Work order: Please restate each line of the data that follows word for word, skipping any image.

Recorded data:
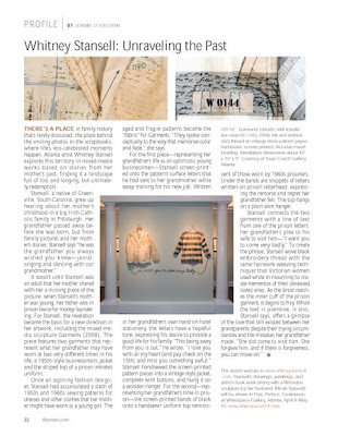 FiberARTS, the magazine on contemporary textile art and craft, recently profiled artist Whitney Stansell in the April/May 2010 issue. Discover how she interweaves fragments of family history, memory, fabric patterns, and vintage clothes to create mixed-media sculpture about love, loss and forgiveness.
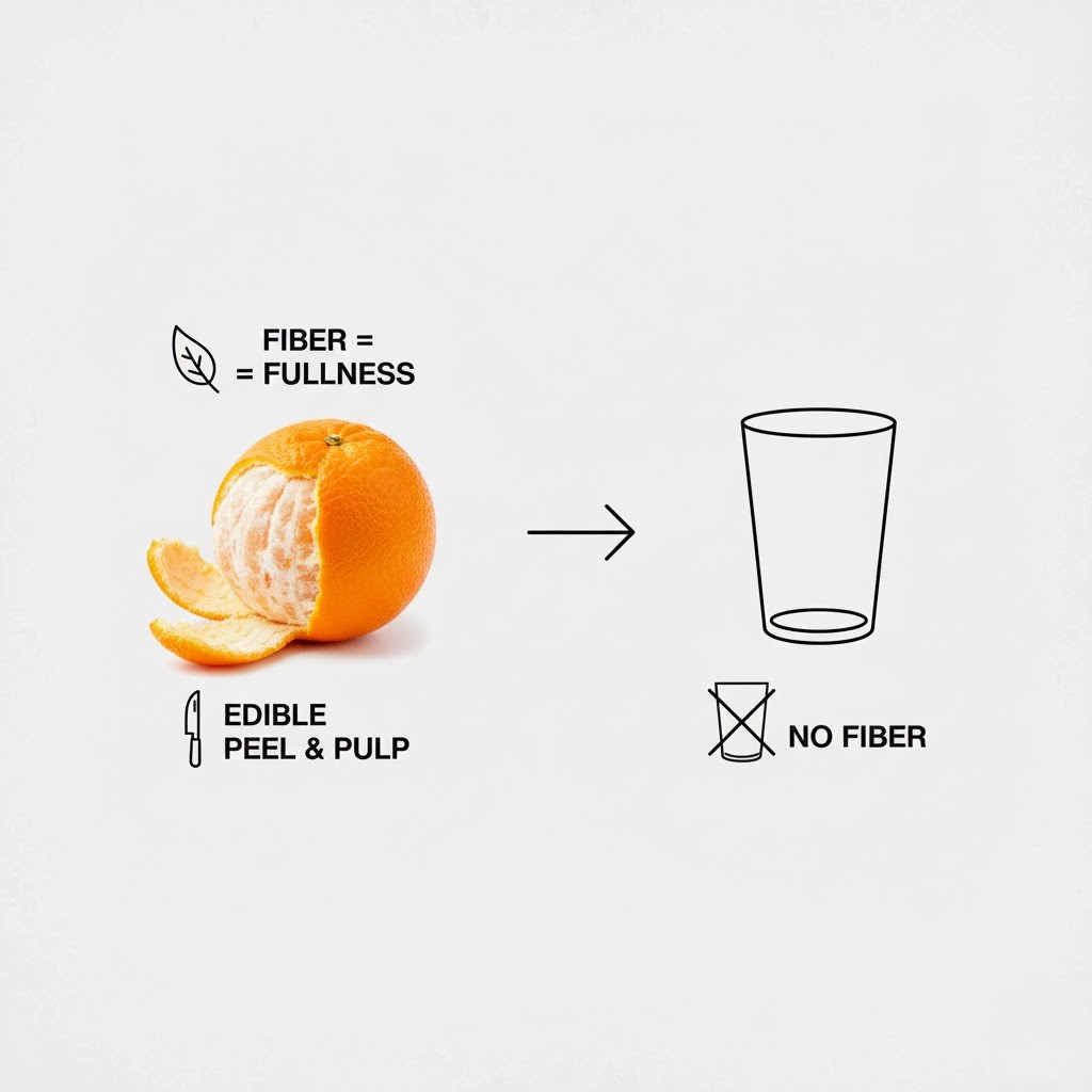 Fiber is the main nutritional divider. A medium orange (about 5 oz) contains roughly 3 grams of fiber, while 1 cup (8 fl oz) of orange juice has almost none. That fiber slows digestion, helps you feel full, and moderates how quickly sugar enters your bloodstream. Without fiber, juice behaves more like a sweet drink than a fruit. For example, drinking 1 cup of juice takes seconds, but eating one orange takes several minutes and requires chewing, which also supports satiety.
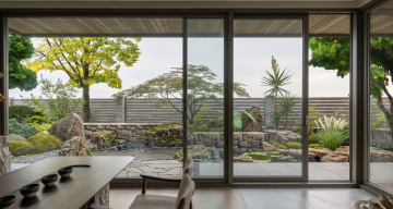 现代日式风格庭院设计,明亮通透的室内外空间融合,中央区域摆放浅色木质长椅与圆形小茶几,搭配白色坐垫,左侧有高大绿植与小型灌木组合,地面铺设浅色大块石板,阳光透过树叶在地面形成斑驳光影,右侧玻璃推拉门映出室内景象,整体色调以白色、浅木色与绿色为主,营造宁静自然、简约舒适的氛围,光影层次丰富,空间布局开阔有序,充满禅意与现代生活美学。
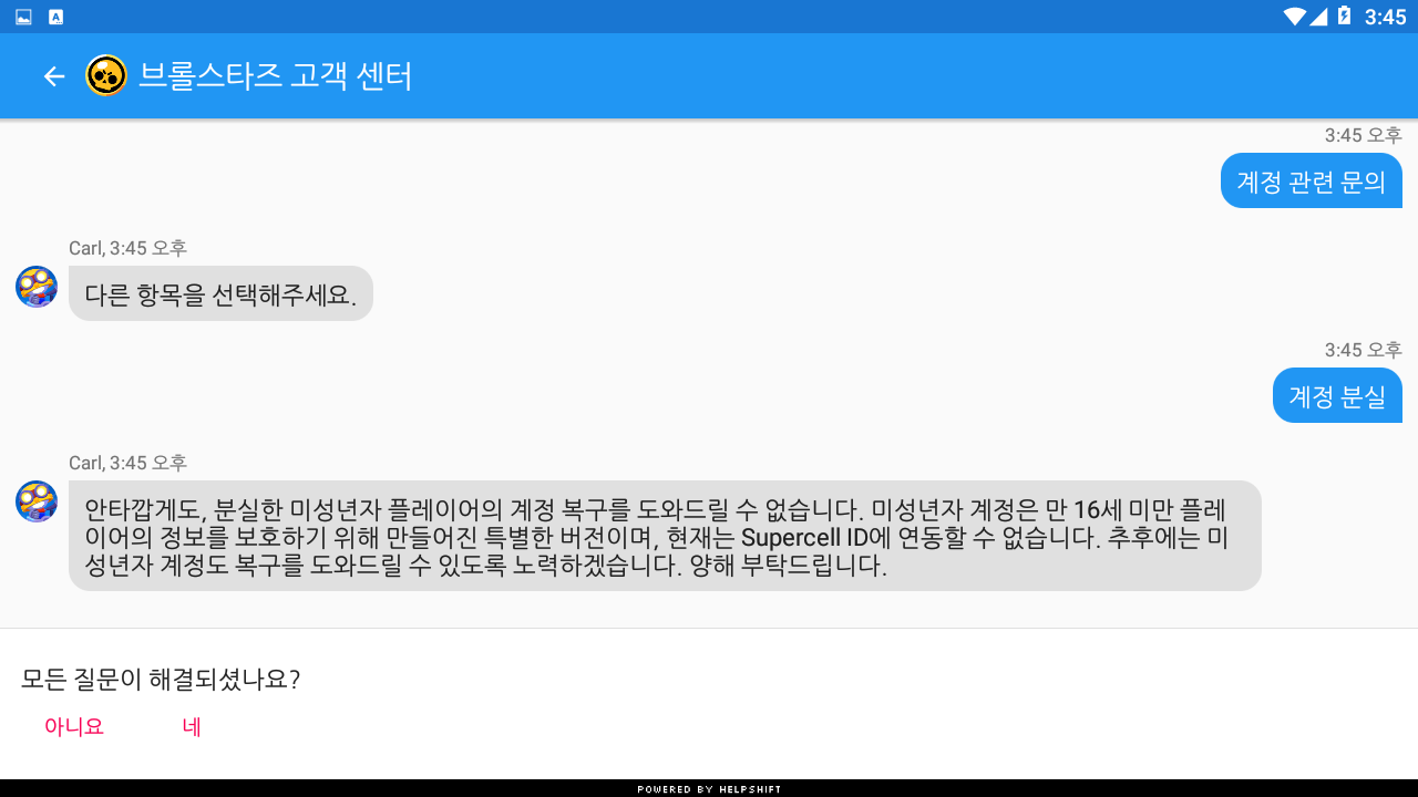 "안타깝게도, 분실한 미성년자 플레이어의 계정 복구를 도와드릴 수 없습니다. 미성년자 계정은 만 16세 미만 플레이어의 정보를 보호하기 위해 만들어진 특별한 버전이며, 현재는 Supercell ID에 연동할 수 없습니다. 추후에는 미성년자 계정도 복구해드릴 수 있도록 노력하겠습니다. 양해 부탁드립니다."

Result of the exercise:
 FiberARTS, the magazine on contemporary textile art and craft, recently profiled artist Whitney Stansell in the April/May 2010 issue. Discover how she interweaves fragments of family history, memory, fabric patterns, and vintage clothes to create mixed-media sculpture about love, loss and forgiveness.
 Fiber is the main nutritional divider. A medium orange (about 5 oz) contains roughly 3 grams of fiber, while 1 cup (8 fl oz) of orange juice has almost none. That fiber slows digestion, helps you feel full, and moderates how quickly sugar enters your bloodstream. Without fiber, juice behaves more like a sweet drink than a fruit. For example, drinking 1 cup of juice takes seconds, but eating one orange takes several minutes and requires chewing, which also supports satiety.
 现代日式风格庭院设计,明亮通透的室内外空间融合,中央区域摆放浅色木质长椅与圆形小茶几,搭配白色坐垫,左侧有高大绿植与小型灌木组合,地面铺设浅色大块石板,阳光透过树叶在地面形成斑驳光影,右侧玻璃推拉门映出室内景象,整体色调以白色、浅木色与绿色为主,营造宁静自然、简约舒适的氛围,光影层次丰富,空间布局开阔有序,充满禅意与现代生活美学。
 "안타깝게도, 분실한 미성년자 플레이어의 계정 복구를 도와드릴 수 없습니다. 미성년자 계정은 만 16세 미만 플레이어의 정보를 보호하기 위해 만들어진 특별한 버전이며, 현재는 Supercell ID에 연동할 수 없습니다. 추후에는 미성년자 계정도 복구해드릴 수 있도록 노력하겠습니다. 양해 부탁드립니다."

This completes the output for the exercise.